>From ba11df016538acb5aa19f438a7122bfa8249e028 Mon Sep 17 00:00:00 2001
From: Peter Eisentraut <peter_e@gmx.net>
Date: Tue, 14 Jan 2014 19:53:21 -0500
Subject: [PATCH] vacuumdb: Add option --analyze-in-stages

Add vacuumdb option --analyze-in-stages which runs ANALYZE three times
with different configuration settings, adopting the logic from the
analyze_new_cluster.sh script that pg_upgrade generates.  That way,
users of pg_dump/pg_restore can also use that functionality.

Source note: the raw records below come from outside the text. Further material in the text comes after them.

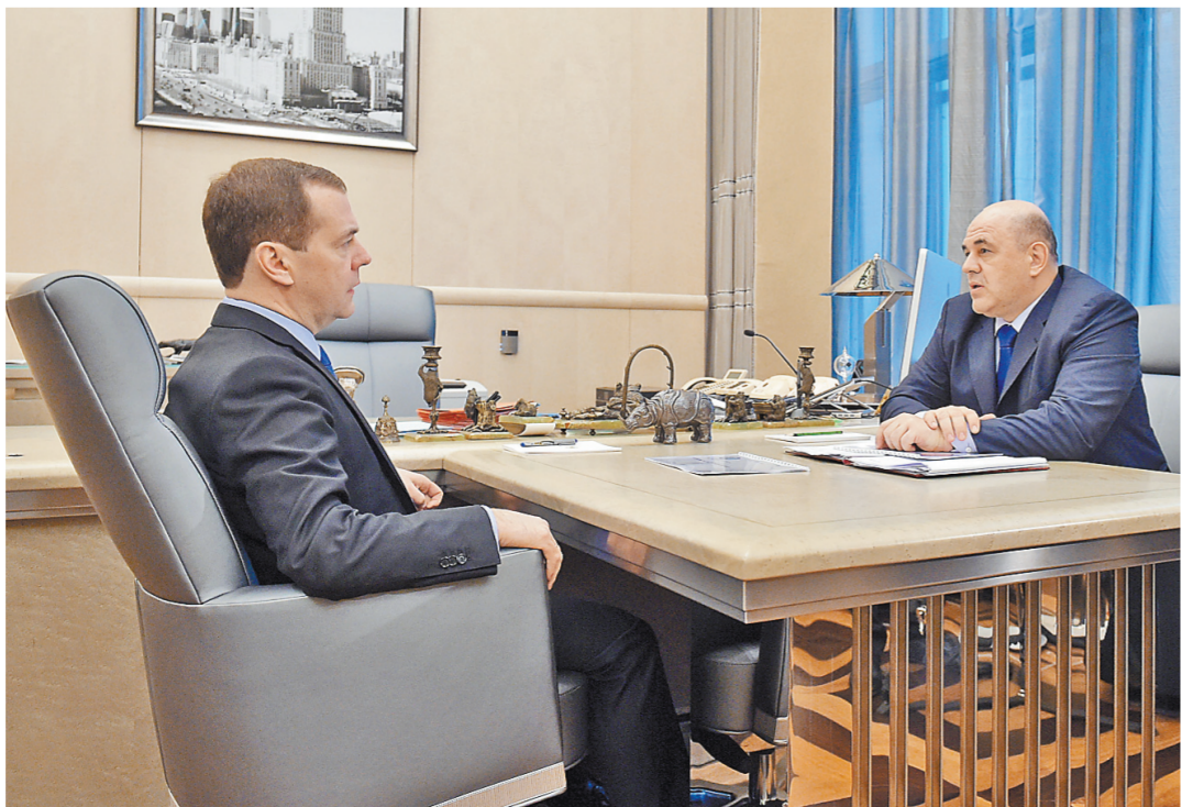
Премьер одобрил усилия ФНС, которые делают жизнь налогоплательщиков более спокойной, предсказуемой.

Некоторые депутаты, а также защитники прав автомобилистов, опасаются, что термин «опасное вождение» при введении ответственности за него, может стать поводом для коррупции.
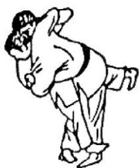
SASAE TSURIKOMI ASHI

(trattenere il piede tirando e sollevando)
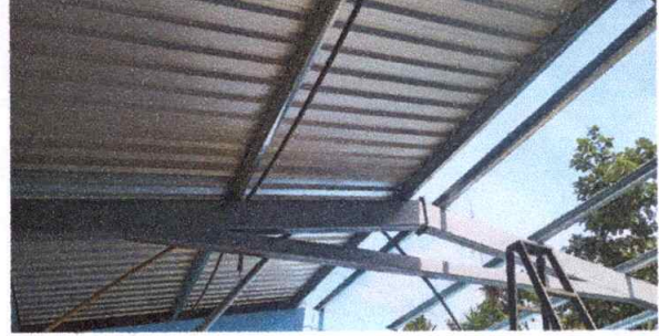
FOTO 2. Siguiendo con los trabajos de cubierta con la lamina
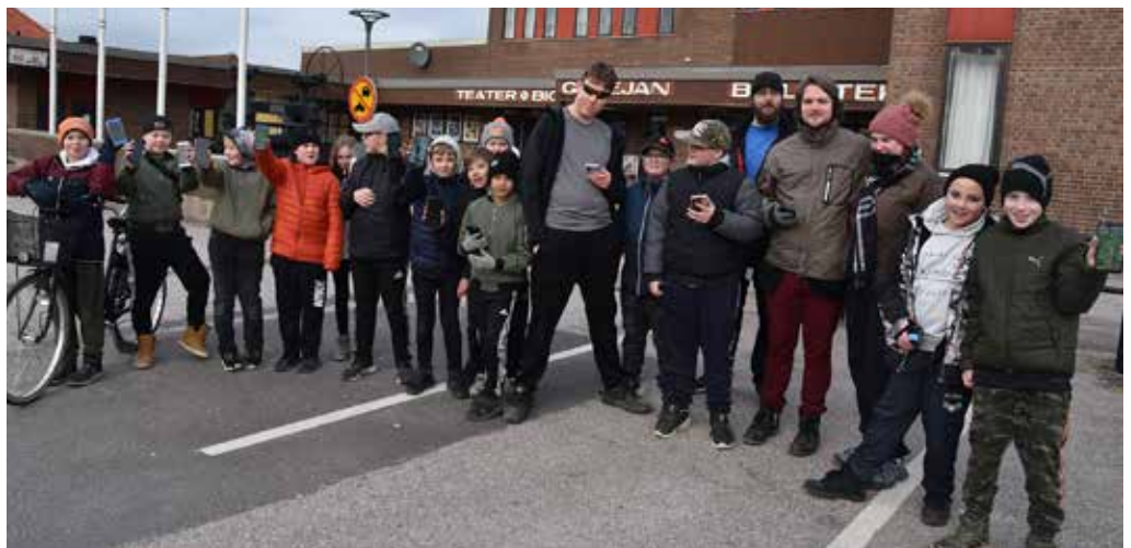
20-talet barn hade slutit upp för att jaga Pokemon digitalt med hjälp av en app.

- Det här bidrar ju verkligen till folkhälsan. Ungdomarna är både svettiga och glada efter att ha rört sig i ett par timmar, säger hon.
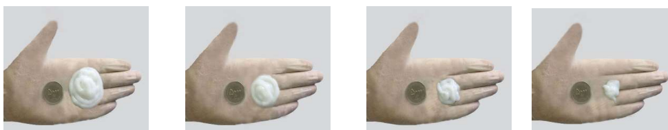
تصویر ۱ تصویر ۲ تصویر ۳ تصویر ۴
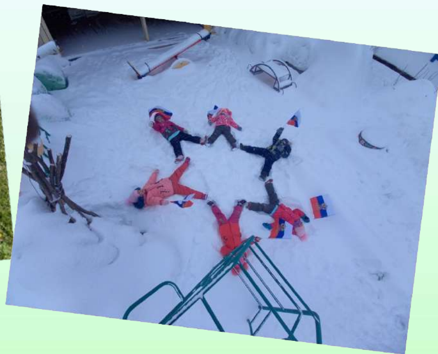
Флэш-моб «Звезда». Поздравляем всех Защитников Отечества!
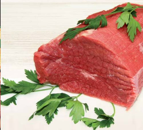
GIRELLO/MAGATELLO DI BOVINO ADULTO AL KG
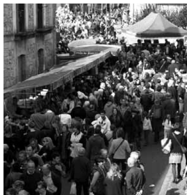
Kale nagusiak jendez lepo bete ziren. Zaldi lehiaketak ikusmin handia sortu zuen.

Txikienek zaldigainean ibiltzeko aukera baliatu zuten Zubeztia plazan. Handik gertu, Otadiko Kristo Deuna kalean, ardi taldeak zeuden ikusgai. Ferialeku kaleak, berriz, joan den urtean zaldi-azienda hartu zuen eta aurten behiak eta astoak izan dira protagonista. Zaldiak, behorrak, pottoak eta biho-
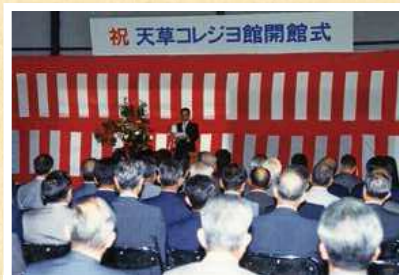
▲天草コレジヨ館開館 (平成2年5月)
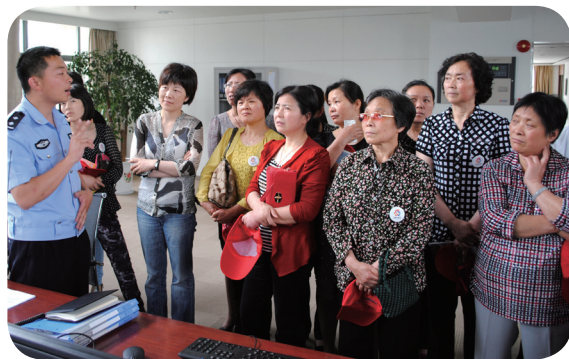
文明交通我先行——溧阳市巾帼志愿者参加新交通法规解读讲座，为做好交通文明志愿工作及时“充电”
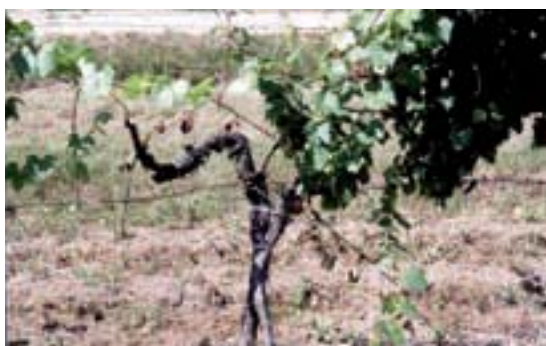
Fig. 3. Extremely strong intensity of disease with extremely shortened chlorotic shoots, without leaves or with very small leaves and complete absence of blossoms and clusters (a and b)

Sl. 4. Izumrli zaraženi čokot vinove loze i zdravi lastari susednog (desno) čokota u redu
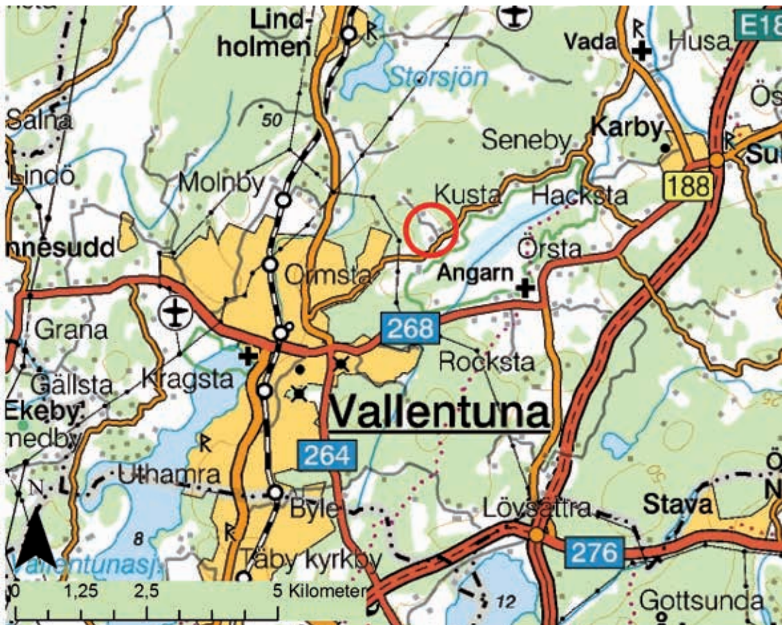
Fig. 1. Översiktskartan med förundersökningsområdet markerat med röd cirkel. Skala 1:100 000.
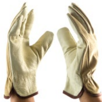
NS1100603 GUANTES DE INGENIERO PIG GRAIN, DORSO DE CUERO DE CERDO, COLOR AMARILLO CLARO.
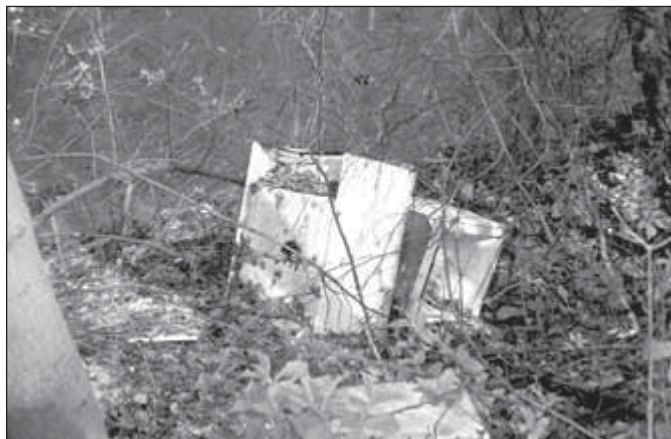
Zahradkářská kolonie za vlakovým nádražím
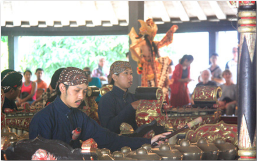
Gambar 16: Abdi Dalem Magang Sedang Menabuh Gamelan

Walaupun syaratnya tidak sulit, namun untuk menjadi abdi dalem beberapa tahapan harus dilalui. Siapa pun yang ingin menjadi abdi dalem harus mendaftarkan diri ke kesekretariatan. Mereka menawarkan bakat, kemampuan, atau minat yang dimiliki. Selanjutnya, setelah disetujui menjadi abdi dalem, mereka harus menjalani magang.
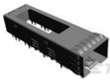
TE 零件编号2110304-1 SFP+ 1x1 Cage Assembly, Solder Tail
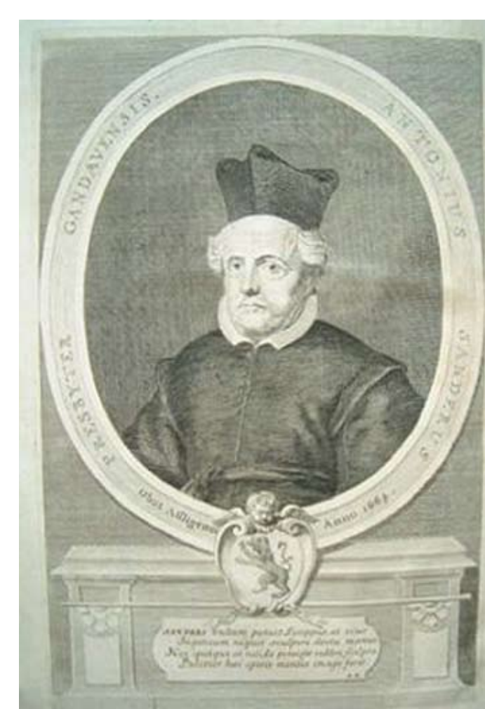
Antonius Sanderus (1586-1664), historicus, filosoof en theoloog, auteur van de 'Flandria Illustrata'
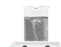
VELP HSC магнитная мешалка с подогревом
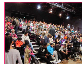
La salle est pleine !

L'après-midi s'est poursuivie avec des spectacles en salle : cirque, twirling, patinage artistique à roulettes, hip-hop.
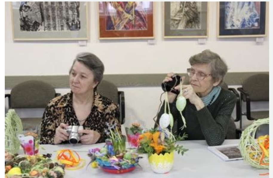
Проект «Школа немолодого предпринимателя» Организатор: ФПМС «Территория успеха» г. Краснокамск
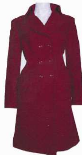
KABÁT kabát kabát
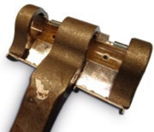
BPW Originalteile zeigen einen guten Zustand der Hebellagerung sogar nach einer kompletten Dauerlauferprobung
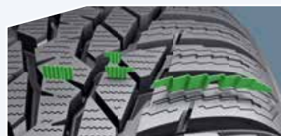
Anvelope Nokian cu caneluri optimizate în blocuri

Nokian WR D4 este un campion al aderenței ale cărei inovații unice permit șofatul în siguranță și cu stabilitate și pe șoselele ude și pe cele acoperite de zăpadă. Este prima anvelopă de iarnă din lume de calitate superioară care oferă o aderență pe carosabil umed care o încadrează în cea mai bună clasă A din UE.
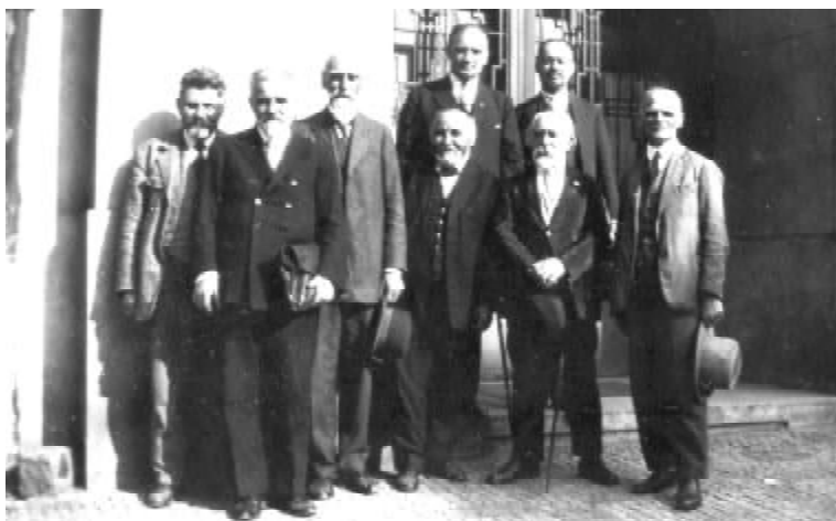
Провід Музею визвольної боротьби України (1929 р.). Зліва направо: В. СИМОНОВИЧ, Д. АНТОНОВИЧ, Іван ГОРБАЧЕВСЬКИЙ, В. БІДНОВ, І. ОМЕЛЯНОВИЧ-ПАВЛЕНКО, К. ЛИСЮК, невідомі особи

Про світовий авторитет і популярність Івана Горбачевського твердять ті чисельні наукові та урядові титули, звання й нагороди, яких він був удостоєний. Його обирали почесним президентом міжнародних наукових конгресів і з'їздів, йому доручали найскладніші завдання в медицині, охороні здоров'я, організації освіти, розробці заходів з усунення шкідливих техногенних впливів на людину. І скрізь він приймав неординарні рішення, знаходив геніальні шляхи виходу зі складних ситуацій.

Change pg_upgrade to create the script so that it calls vacuumdb instead
of implementing the logic itself.
---
 contrib/pg_upgrade/check.c     | 58 +++-------------------------------
 doc/src/sgml/ref/vacuumdb.sgml | 20 ++++++++++++
 src/bin/scripts/vacuumdb.c     | 70 ++++++++++++++++++++++++++++++++----------
 3 files changed, 78 insertions(+), 70 deletions(-)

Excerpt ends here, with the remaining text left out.